Could you please transcribe the data exactly, without the pictures?

________

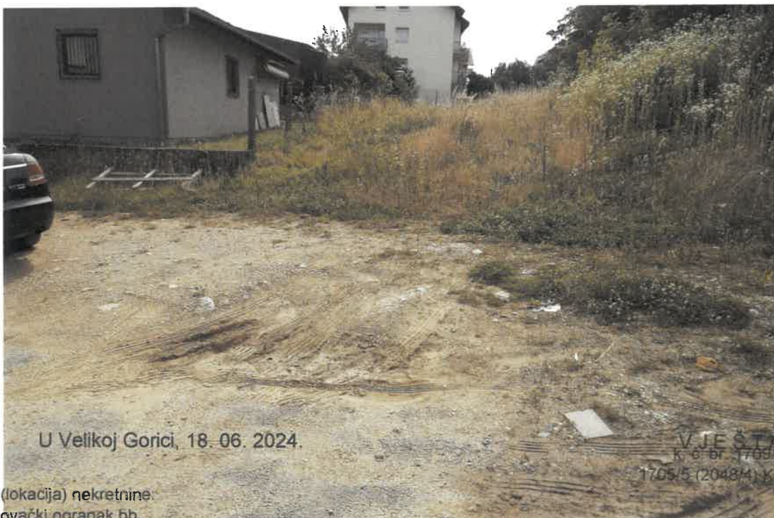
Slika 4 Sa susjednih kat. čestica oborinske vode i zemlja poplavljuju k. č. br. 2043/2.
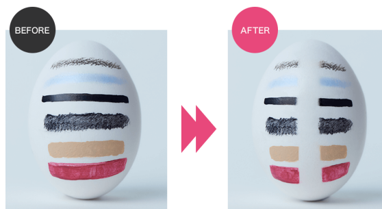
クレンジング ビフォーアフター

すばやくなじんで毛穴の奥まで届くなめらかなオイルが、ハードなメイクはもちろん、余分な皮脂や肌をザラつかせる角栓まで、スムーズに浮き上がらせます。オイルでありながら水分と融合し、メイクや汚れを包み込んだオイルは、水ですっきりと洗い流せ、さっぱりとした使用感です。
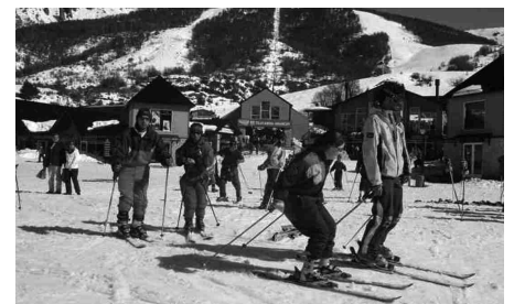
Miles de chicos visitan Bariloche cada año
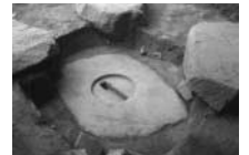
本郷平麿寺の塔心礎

________

TASK OUTPUT:
Slika 4 Sa susjednih kat. čestica oborinske vode i zemlja poplavljuju k. č. br. 2043/2.
クレンジング ビフォーアフター

すばやくなじんで毛穴の奥まで届くなめらかなオイルが、ハードなメイクはもちろん、余分な皮脂や肌をザラつかせる角栓まで、スムーズに浮き上がらせます。オイルでありながら水分と融合し、メイクや汚れを包み込んだオイルは、水ですっきりと洗い流せ、さっぱりとした使用感です。
Miles de chicos visitan Bariloche cada año
本郷平麿寺の塔心礎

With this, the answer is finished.